Let $\ M\ $ be the set of the prime numbers $\ p\ $ such that $\ p\nmid 3^n+5^n+7^n\ $ for every positive integer $\ n\ $ , in short the set of the prime numbers that cannot divide $\ 3^n+5^n+7^n\ $.

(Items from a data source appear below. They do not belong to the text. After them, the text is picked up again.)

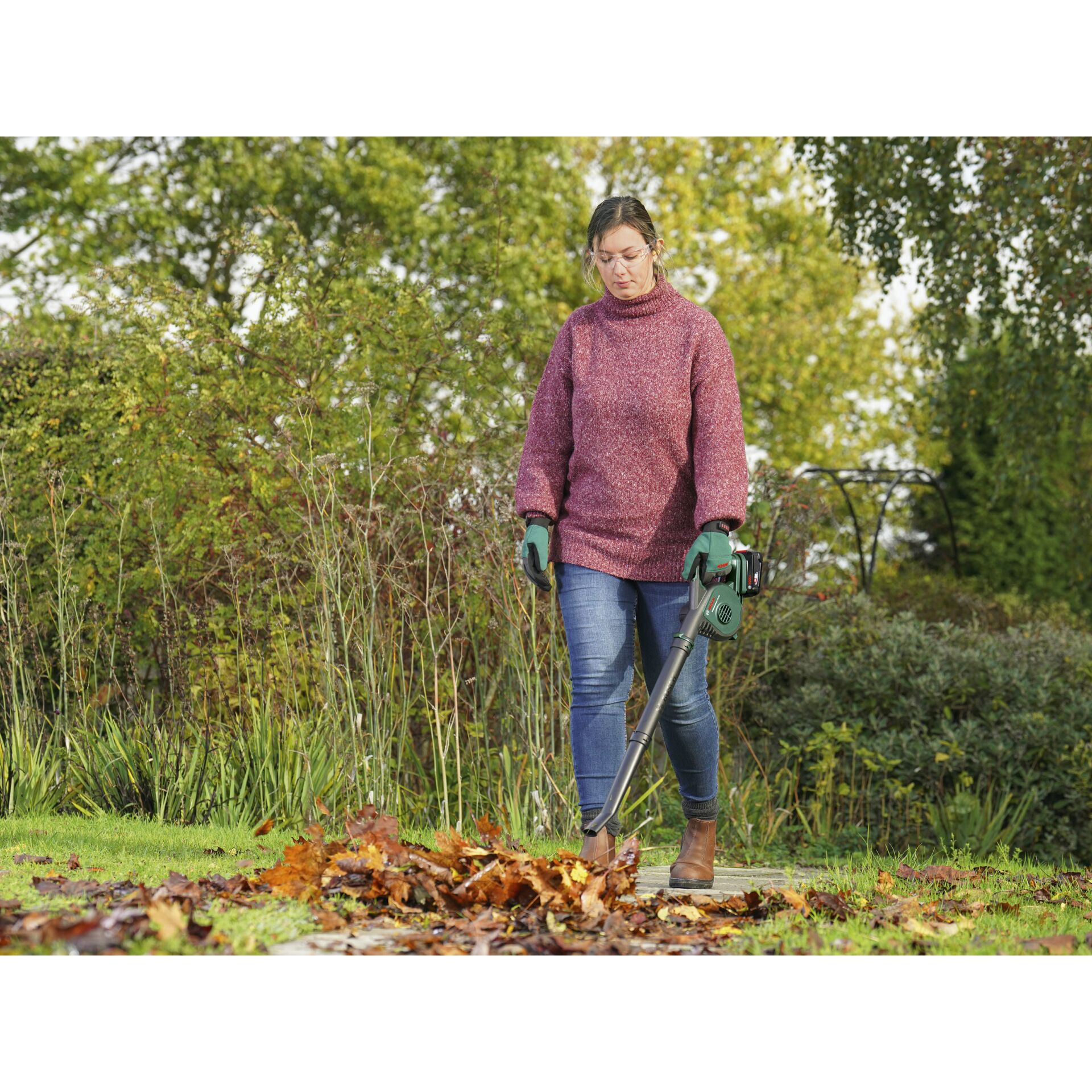 | Typ(en) | | Typ(en) | Laubbläser | | Technische Daten/Details | | Luftgeschwindigkeit (km/h) | 185 - 245 | | Luftgeschwindigkeit (km/h) | 211 - 330 | | Luftgeschwindigkeit regelbar | Ja | | Stromversorgung | | Betriebs-Art | Akku | | Batterietyp/Akkutyp | Lithium-Ionen | | Akku(s) im Lieferumfang | 1x | | Akkuspannung (V) | 18 | | Akku-Kapazität (Ah) | 2,5 | | Betriebsdauer (Min.) | 18 | | Allgemeine Daten | | Farbe | grün / schwarz | | Gewicht in kg | 1,3 | | Gewicht in kg | <1,5 |
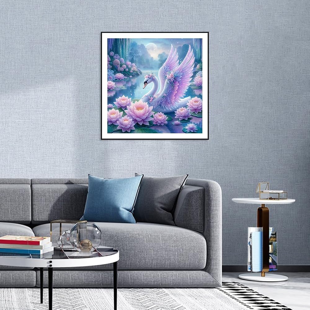 مجموعات الطلاء الماس Acudotr Swan للبالغين ، مجموعات فن الماس 5D DIY للمبتدئين ، مجموعات الطلاء الكاملة للحفر الماسي لديكور الجدار المنزلي ، 12 × 12 بوصة
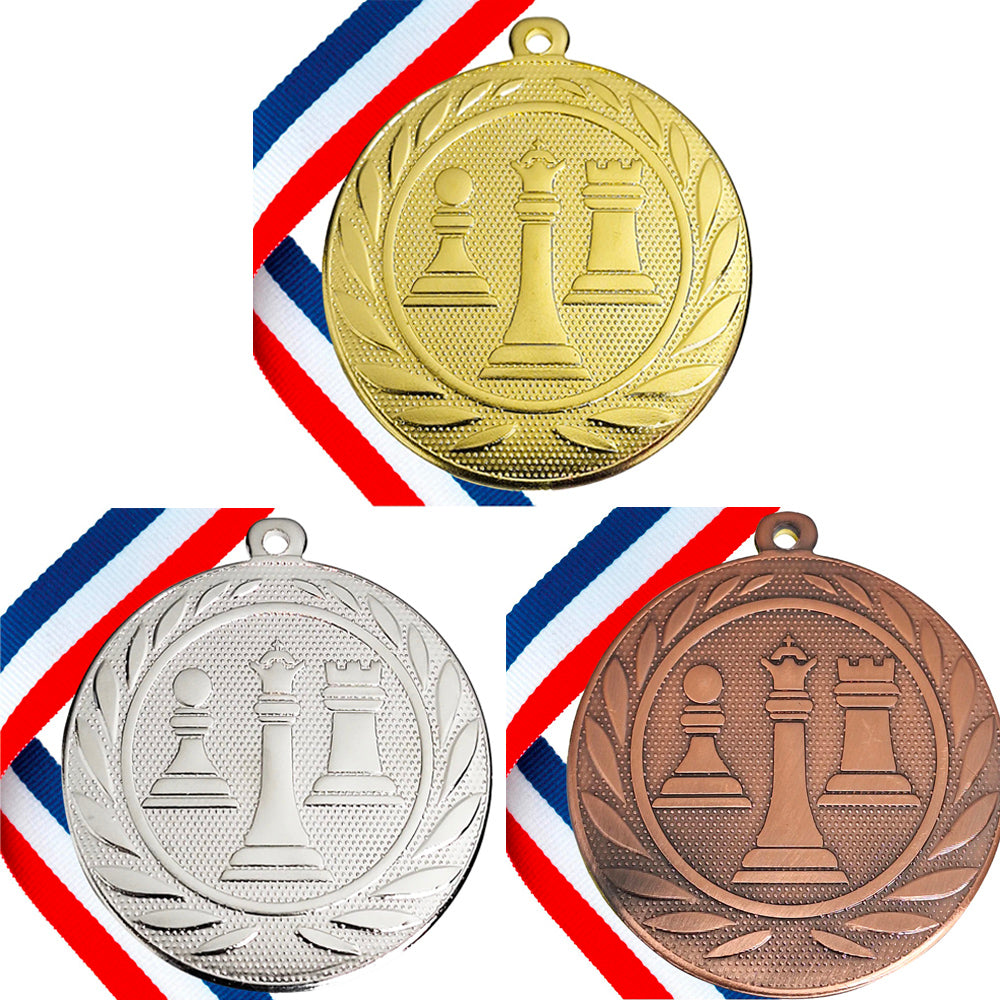 A cool design embossed Chess Medal on a red, white & blue Ribbon - perfect for club and school tournament prizes.
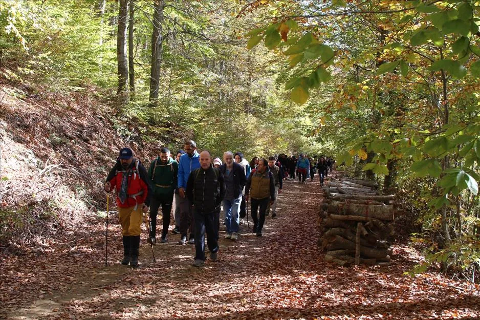 Pazar günleri yapılan ücretsiz doğa yürüyüşü etkinliklerinin bu haftaki güzergahı şehrin doğu bölgesi oldu. Domaniç Orman Deposu bölgesinden başlayan doğa yürüyüşü, Sütlük Yaylasını takip ederek Oylat bölgesinde son buldu. 22 kilometrelik orta zorluktaki parkurda yürüyüşe katılan vatandaşlar, Pazar sabah 08.30’da Hikmet Şahin Kültür Parkı içerisinde bulunan Belediye Spor Salonu önünden araçlarla başlangıç noktasına getirildi. Burada araçlardan inerek İnegöl’ün eşsiz sonbahar manzarasına sahip doğasıyla kucaklaşan doğaseverler, renk cümbüşüne sahne olan ormanlarda unutulmaz bir hafta sonu yaşadı.
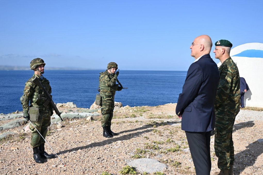Ο Υπουργός Εθνικής Άμυνας, Νίκος Δένδιας συνέχισε σήμερα, Μεγάλη Πέμπτη 2 Μαΐου 2024, την επίσκεψή του σε νησιά των Δωδεκανήσων, συνοδευόμενος από τον Αρχηγό ΓΕΕΘΑ Στρατηγό Δημήτριο Χούπη και τον Αρχηγό ΓΕΣ Αντιστράτηγο Γεώργιο Κωστίδη.
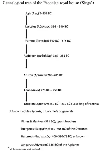 - ↑ The Cambridge Ancient History, Volume 6: The Fourth Century BC by D. M. Lewis, John Boardman, Simon Hornblower, and M. Ostwald, 1994, page 463: «Agis, king of Paeonians».

Is $\ M\ $ an infinite set ?
For $\ p\ge 11\ $ , it is sufficient that $\ p\nmid 3^n+5^n+7^n\ $ for all $\ n\ $ with $\ 1\le n\le p-1\ $ because of Fermat's little theorem. Also, it is eay to see that $\ 2\ $ and $\ 7\ $ are in $\ M\ $ , but $\ 3\ $ and $\ 5\ $ are not. The first primes in $\ M\ $ are
gp > forprime(p=1,500,gef=0;for(k=1,p-1,if(Mod(3^k+5^k+7^k,p)==0,gef=1));if(gef==0,print1(p," ")))
2 7 17 23 29 37 41 43 67 73 79 89 101 107 109 127 131 139 151 173 197 199 211 227 251 257 263 277 293 313 347 349 353 367 379 421 439 443 449 479 499
gp >
Larger examples include $\ 10^4+7\ $ and $\ 10^5+3\ $. It would be nice if we could classify the primes in $\ M\ $ somehow, but I have no idea how this should be possible.
That infinite many primes are NOT in $\ M\ $ can be shown as follows :
For a given prime $\ q\ge 11\ $ , define $$N:=lcm(11-1,13-1,17-1,\cdots ,q-1)$$ Then for every prime $\ r\ $ with $\ 11\le r\le q\ $ we have $\ r-1\mid N\ $ and therefore $\ 3^N+5^N+7^N\equiv 3\ne 0\mod r\ $. Since $\ N\ $ is even , $\ 3^N+5^N+7^N\ $ cannot be divisible by $\ 3\ $ or $\ 5\ $. Hence, there is no prime factor smaller than or equal to $\ q\ $. This shows that the smallest prime factor can become arbitarily large.